The U.S. Food and Drug Administration (FDA) has authorized Pfizer’s (NYSE:PFE) COVID-19 booster shot for people aged 65 and older, as well as other medically vulnerable people.
The FDA now recommends that elderly and vulnerable people get a COVID-19 booster shot six months after they complete their first two doses of a vaccination.
The FDA’s decision largely follows recommendations provided by its vaccine advisory committee.
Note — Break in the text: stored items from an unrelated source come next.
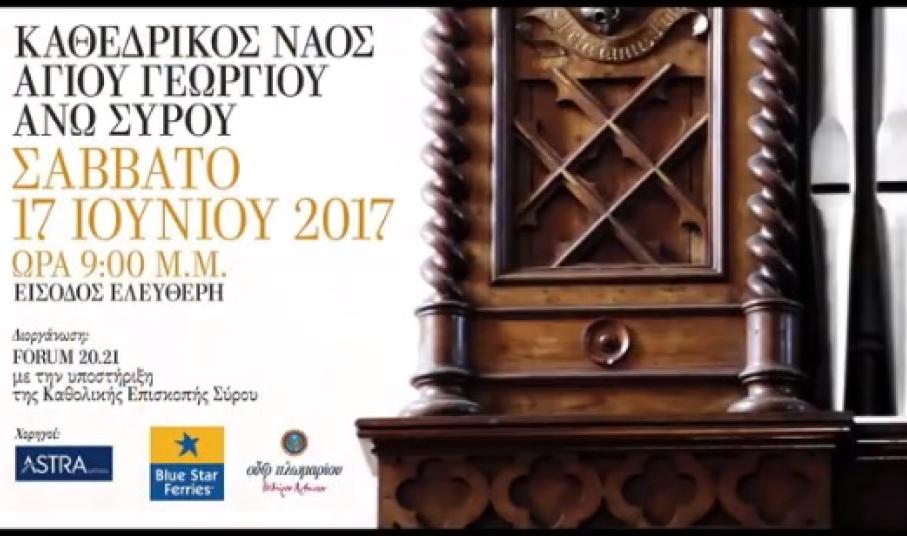 Με μία ξεχωριστή συναυλία στην οποία θα “πρωταγωνιστούν” οι ήχοι εκκλησιαστικού οργάνου και πνευστών μουσικών οργάνων στον Καθεδρικό Ναό του Αγίου Γεωργίου στην Άνω Σύρο επέλεξε το FORUM 20.21 να κλείσει την “αυλαία” της διαδρομής του, αφού εκλείπει πλέον, ο κύριος σκοπός της σύστασής του, που αφορούσε στη διεκδίκηση του τίτλου της Πολιτιστικής Πρωτεύουσας της Ευρώπης για το έτος 2021.
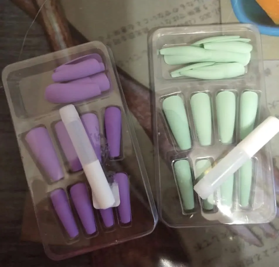 хорошие качественные накладные ногти. в наборе даже есть клей, который реально держит ногти. Единственное, для меня не подошла длина, но легко ее спилить
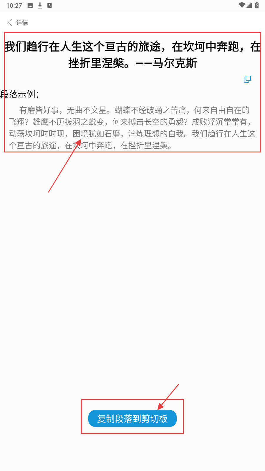 2、进入好句详情页,查看完整内容,如若喜欢可以点击【复制段落到剪切板】进行收藏。
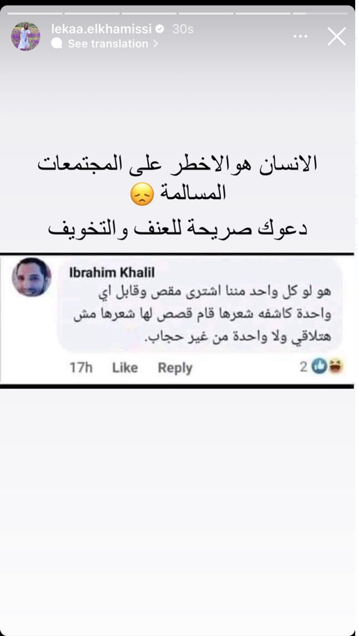 و جاء رد لقاء الخميسي: “الإنسان هو الأخطر علي المجتمعات المسالمة، دعواك صريحة للعنف والتخويف”.
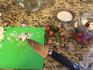 Cover the jalapeños with the liquid, add the smashed garlic, seal, refrigerate.
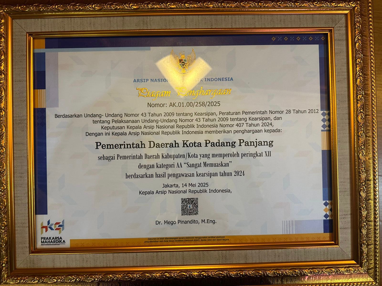 Padang Panjang meraih nilai 91,51 kategori AA (Sangat Memuaskan) — predikat tertinggi yang menunjukkan kualitas sistem kearsipan yang efisien, transparan, dan berbasis digital.
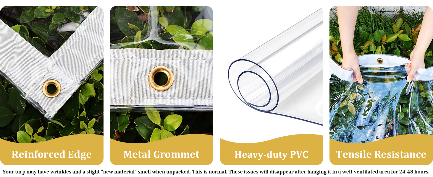 - Durable PVC Material: Made from heavy-duty transparent PVC material, this garden net combines high light permeability with reliable waterproof and windproof performance. Its double-stitched reinforced edges resist tearing, while anti-rust brass grommets provide lasting strength in diverse weather conditions.
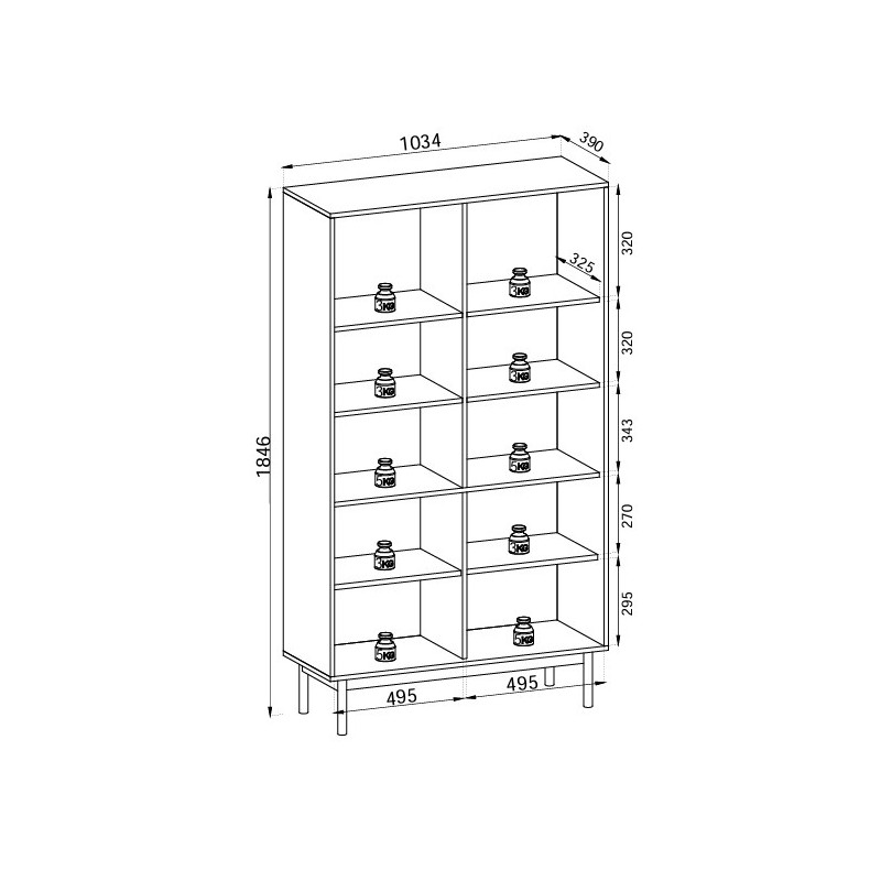 Niezależnie od tego, czy szukasz regału do salonu, domowego biura czy przedpokoju – ten model harmonijnie wpisuje się w każdą aranżację wnętrza, tworząc stylowy porządek, który ułatwia codzienność. Ponadczasowa estetyka i stabilna konstrukcja sprawiają, że nie jest to tylko funkcjonalny mebel, ale trwały towarzysz na lata, który podkreśli Twój indywidualny styl i efektownie wyeksponuje ulubione przedmioty.
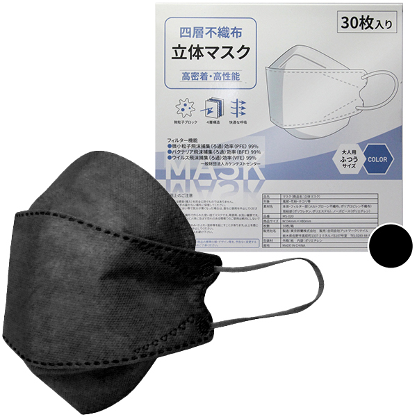 大人用で普通サイズの四層不織布立体マスク(ブラック)です!30枚入りの高性能四層不織布立体マスク。
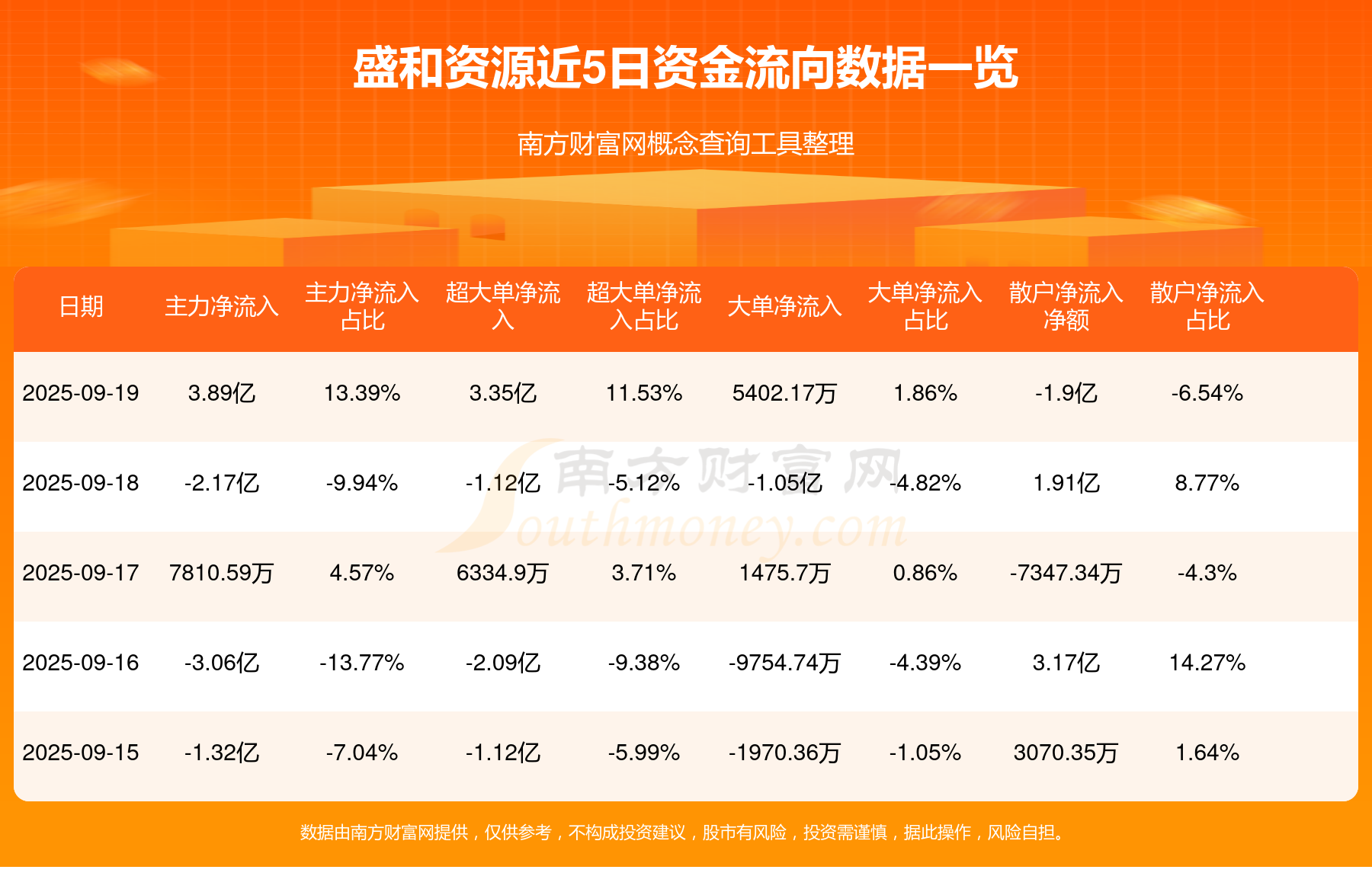 9月19日该股主力净入3.89亿元,其中资金流入方面:超大单净入7.28亿元,大单净入7.63亿元,中单净入7.35亿元,散户净入6.11亿元;资金流出方面:超大单净出3.94亿元,大单净出7.09亿元,中单净出9.33亿元,散户净出8亿元。

The Vaccines and Related Biological Products Advisory Committee voted unanimously to give boosters to older people and those at a high risk of suffering from severe illness if they get the virus.
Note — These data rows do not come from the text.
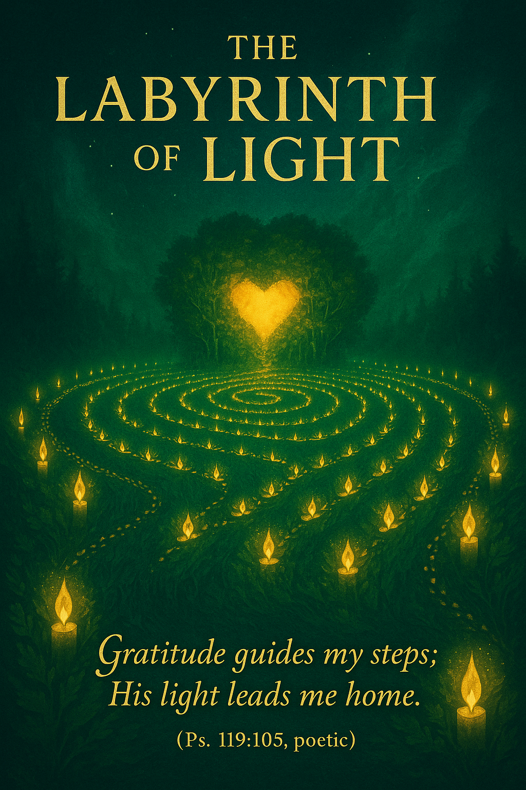 🕯️🌲 Christian Labyrinth of Light Wall Art – Psalm 119:105 Forest & Candle Poster – Faith-Based Printable for Devotion, Homeschool & Ministry – Guided by Gratitude Theme
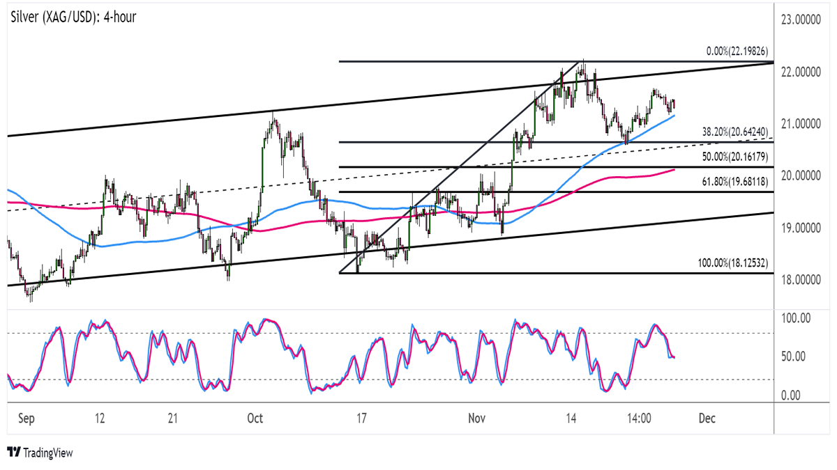 Komodity: Stříbro se obchoduje v rostoucím trendovém kanálu
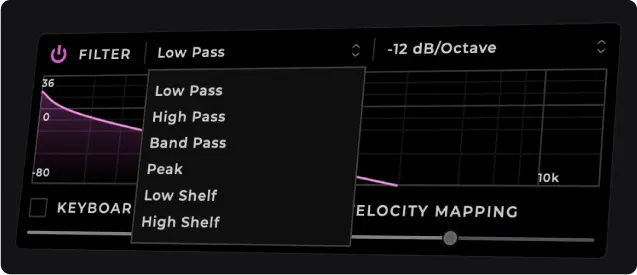 ローパス、ハイパス、バンドパス、ピーク、ロー/ハイ・シェルフなどを装備

Though people 65 and older make up roughly 17% of the U.S. population, they are the most at risk of dying from COVID-19, accounting for more than 77% of all deaths from the illness, according to the Centers for Disease Control and Prevention.
The FDA also included a broad definition of people from 18 to 64 "whose frequent institutional or occupational exposure" to the virus places them at a high risk of developing serious complications from COVID-19.
That leaves enough room to potentially clear third doses for people in nursing homes, prisons, frontline healthcare employees and other essential workers who were among the first to get initial vaccines last December.
The administration of U.S President Joe Biden has said that it wants to begin offering booster shots to the general public as early as this week, pending authorization from U.S. health regulators.